Había saboreado las mieles que sus labios eran capaces de proporcionar a mi enjuto espíritu. Titubeante y algo melodramática, me consideré una diosa deshaciéndome de mi mortal preferido, el objeto de todas mis obsesiones de los últimos años.
La juventud había prevalecido mientras que la inocencia había dejado paso a un sinfín de ambiciones y fantasías. Sin embargo, me había convertido en una mujer de arrestos suficientes como para conseguir todo lo que me propusiera. Desenfundé mi espada y me dirigí con valentía hasta la morada del dragón. No me resultó difícil matarle. Un par de tragos en la taberna del pueblo junto a mis más acérrimos enemigos y cuando me quise dar cuenta, estaba protagonizando una sangrienta pelea. Victoriosa, salí de allí en busca de saciar mi sed de venganza.
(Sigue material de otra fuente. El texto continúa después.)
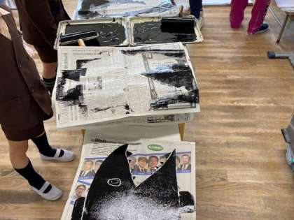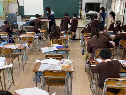 本日2時間目、2年生1・2組の授業のようすです。どちらも図工で、魚の紙版画を仕上げたり、できた人は塗り絵をしています。

La violencia era el modo en el que la conseguía, las muertes de mis adversarios era lo que me nutría y me incentivaba para adquirir nuevas habilidades, armas más potentes y sanguinarias...
-Mamá -una voz infantil me turbó al desconcentrarme-. Déjame jugar a mí... ¡Llevas mucho rato!
Tras perder la partida en la que había invertido tanto tiempo cuando él estaba en el colegio, solté el mando de la play station, intentando disimular mi impotencia.
Lo mío no era la informática, ni los videojuegos... pero mi vida estaba tan falta de aventuras que había tenido que buscarlas dentro de la pantalla.
Suspiré.
No podíamos seguir así... me compraría una play station para mí sola.